I looked around the place, as if expecting someone to pop out with a camcorder and announce I was on some sort of hidden camera show.
“You can’t? Are you sure?”
“We can’t print AutoCAD.” The man repeated, like a parrot.
  I looked around; there wasn’t another person in sight. I glanced at my watch. Half past two. I’d never make it back in time to meet my girlfriend now. My mind searched for someone, ANYONE I knew that had a car that I could have called to pick me up, but I knew that most everyone was still in class. A taxi ride all the way back to campus would cost a fortune… I suddenly wished I had searched harder for that duffel bag full of money. Before I realized it, I had turned around and was walking back the way I’d come on Main Street. I had already crossed the metal bridge over the railroad tracks when it settled on me just how far I’d come for nothing. I was mad, but madder at myself than I was at the nerd that worked in the copy shop. I could have driven down here, but I was too cheap to buy gas. If only I’d looked harder for that money…
           
            As I walked, I stuck my thumb out at one side, not really expecting anyone to stop and pick me up. I was mostly curious to see if anyone would actually offer to give me a ride. A Mercedes Benz sped by me; okay, I could understand that person not picking me up. I mean I could go into alcoholic fits and vomit all over his expensive interior, for all he knew. A blue Ford Windstar, early nineties model, buzzed by, followed almost immediately by a maroon-colored van of the same make and model. Oh come on! I thought. Yeah, the clean-cut, blonde-headed college kid wearing the poster tube is too dangerous to pick up! Thanks a lot. I mean, it’s not like I look like a serial killer. I was suddenly reminded of that scene from the Addam’s Family movie, at the end when Wednesday Addams says, “I’m dressed as a serial killer. They look just like everybody else.” That thought made me smile a little.
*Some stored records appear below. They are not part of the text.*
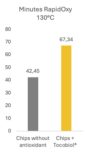 • Chips: the addition of Tocobiol® directly into the frying oil showed a remarkable carry-through effect, significantly improving the oxidative stability of the final fried potato chips. This translated into a longer shelf life and delayed development of rancidity compared to untreated controls.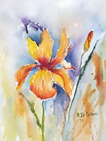 Deze aquarel vangt de schoonheid en energie van een irisbloem in warme, vurige tinten van oranje, rood en geel. De stralende bloembladen lijken haast te gloeien en vormen een prachtig contrast met de zachte, dromerige achtergrond. Hierin mengen lila, blauw en subtiele groentinten zich moeiteloos door de vloeiende penseelstreken, wat een…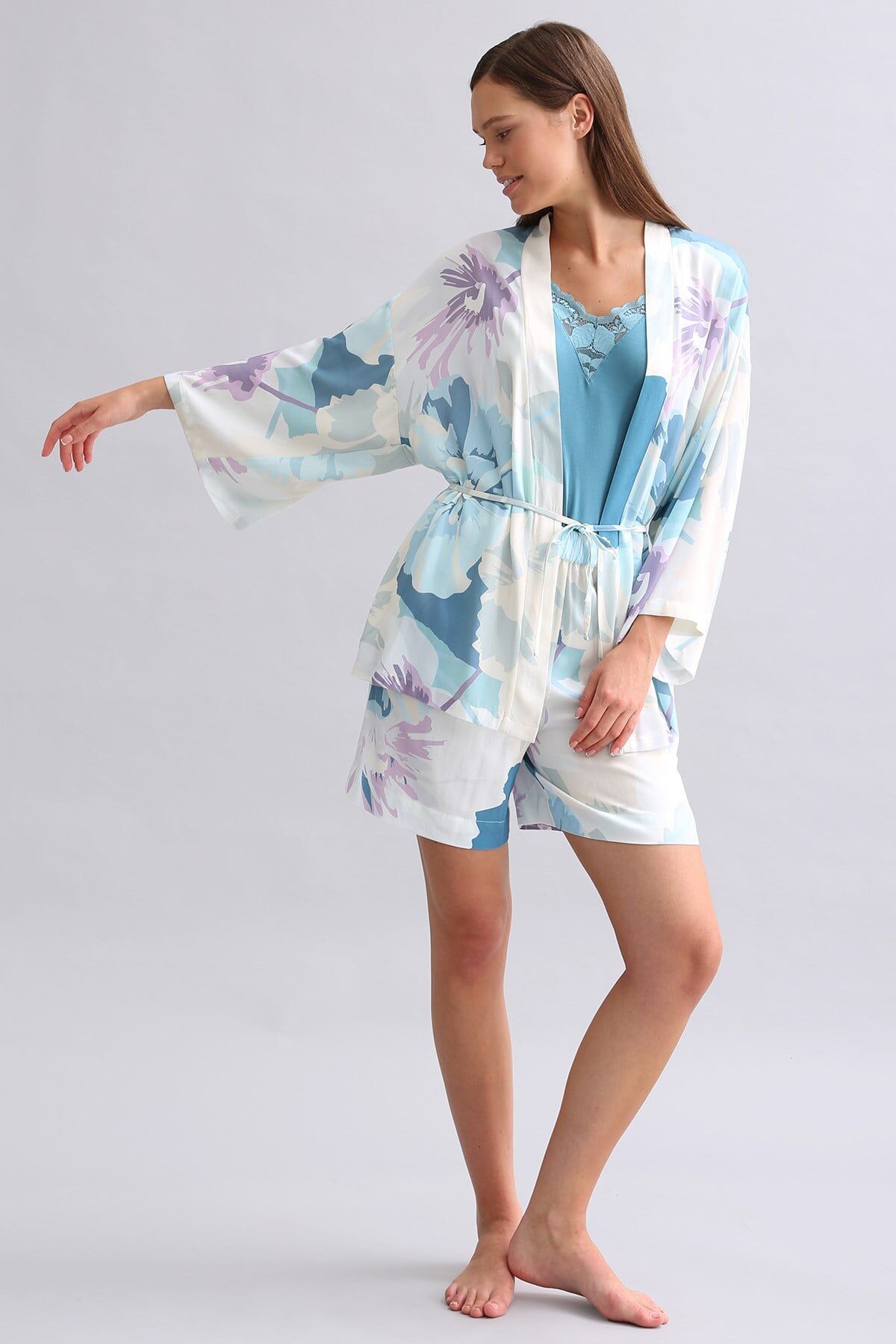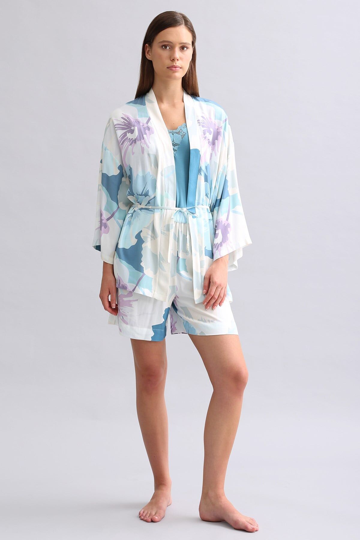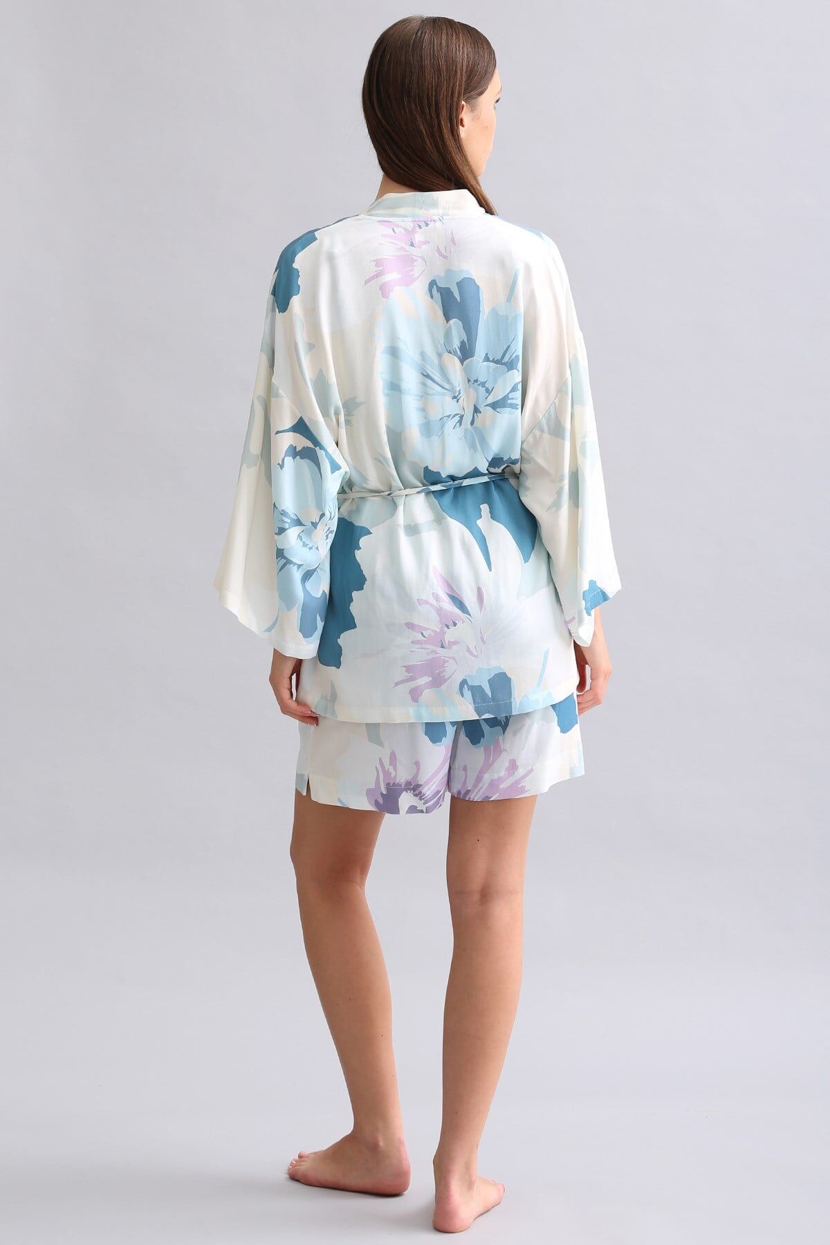 Yumuşak ve dökümlü dokusu sayesinde sabahlık hem şık hem de rahat bir görünüm sunar. Kısa boy tasarımı hareket özgürlüğü ve kolay kullanım sağlarken, modern ve sade görünümü evde konforlu stil oluşturur.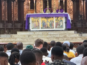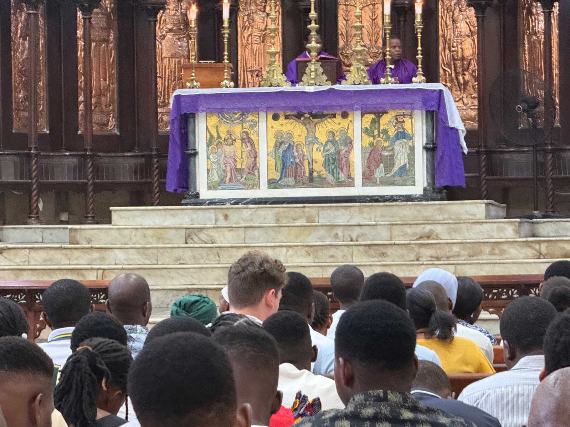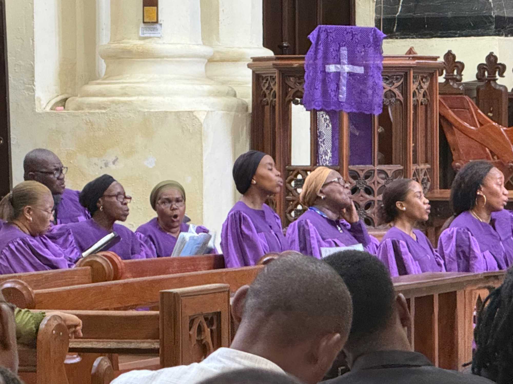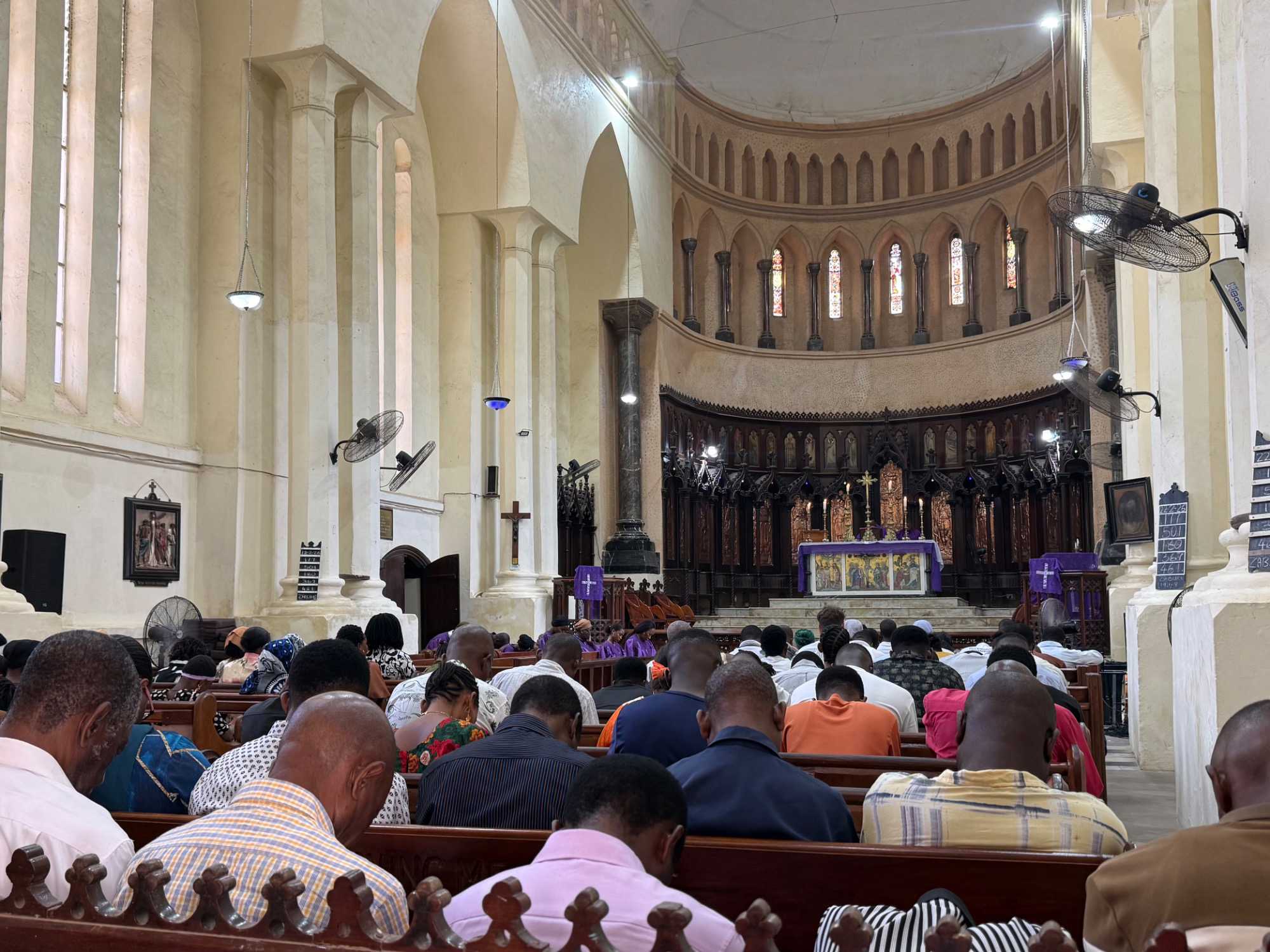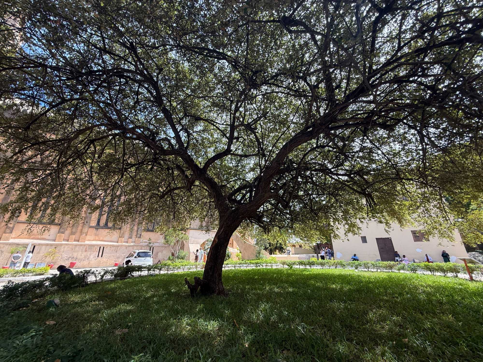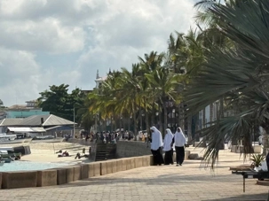 Le moment le plus marquant demeure toutefois la visite du site de l’ancien marché aux esclaves. Zanzibar fut l’un des centres majeurs du commerce d’esclaves en Afrique de l’Est au XIXᵉ siècle. Nous entrons dans l’église anglicane Christ Church, construite à l’endroit même où se trouvait autrefois le marché. En ce dimanche matin, la messe rassemble de nombreux fidèles. Les chants, en anglais et en swahili, résonnent avec intensité. À l’extérieur, la poignante statue des esclaves enchaînés — représentant cinq figures captives dans une fosse — rend hommage aux victimes de cette période sombre de l’histoire. L’émotion est palpable.
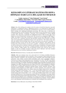 Penelitian ini bertujuan untuk mengetahui kemampuan literasi matematis siswa SMP yang ditinjau dari gaya belajar David Kolb. Lokasi penelitian ini dilakukan di SMP Negeri 2 Cikupa. Subjek penelitian ini terdiri dari 12 siswa kelas 8A SMP Negeri 2 Cikupa.. Penelitian ini menggunakan pendekatan kualitatif dengan metode deskriptif. Instrumen yang digunakan dalam penelitian ini adalah angket, tes literasi matematis, dan wawancara. Siswa menjawab serangkaian soal yang diberikan oleh peneliti. Tes dilakukan untuk mengukur kemampuan literasi matematis, Sedangkan angket dilakukan untuk mengetahui gaya belajar yang dimiliki oleh siswa. Hasil penelitian ini menunjukkan bahwa siswa dengan semua gaya belajar dengan literasi sangat baik masing-masing dapat menyelesaikan 2 soal – 3 soal yang disajikan dengan benar serta mampu mencapai indikator proses. Kemudian siswa dengan semua gaya belajar dengan literasi baik masing-masing dapat menyelesaikan 1 soal – 2 soal yang disajikan dengan benar serta mampu mencapai indikator proses. Siswa dengan gaya belajar Divergen, assimilating , Converging dengan literasi kurang baik masing-masing dapat menyelesaikan 1 soal yang disajikan dengan benar serta mampu mencapai indikator proses. Sedangkan siswa dengan gaya belajar accomodating dengan literasi kurang baik tidak mampu menyelesaikan permasalahan yang disajikan, di mana indikator proses yang digunakan telah mencakup proses matematis dan kemampuan dasar matematis.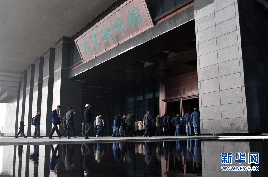 11月26日,參觀者在孔子博物館內(nèi)參觀。 當(dāng)日,耗時5年建成的孔子博物館在孔子故里山東曲阜開館試運行,首批2000多件文物搬出孔府文物檔案館,入住孔子博物館,今后將有69萬多件孔府文物逐批“喬遷新居”。 新華社記者 朱崢 攝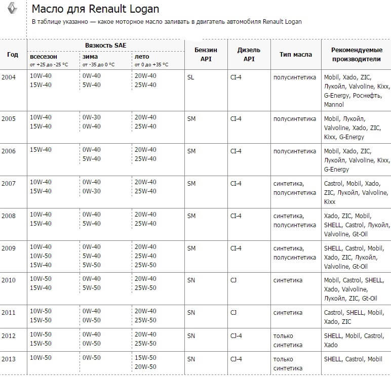 Выбрать подходящее масло для двигателя Рено Логан поможет таблица выше.

There was some motion ahead of me; I’d returned to the land of the stone-walled cemetery and the ranch-style American dream. A tall man, had to be over six feet, was fiddling with something on his porch. He wore brown corduroy pants and a sweater that looked a few sizes too big for him, and his braided hair was topped with a brown derby that matched his pants. It was one of those hats that I’d always half thought about buying, but always thought that it would ridiculous on me. He now stood straight up and carried his bicycle built for two to the sidewalk, just a few yards in front of me. He lifted one leg and sat on the front seat.
Before I knew what I was doing, I’d taken a deep breath and swallowed what little pride I had managed to save from my experiences that day.
“Hey! Hey, man!” I shouted, and he turned around curiously. “Ya need someone to pedal the back of that thing?”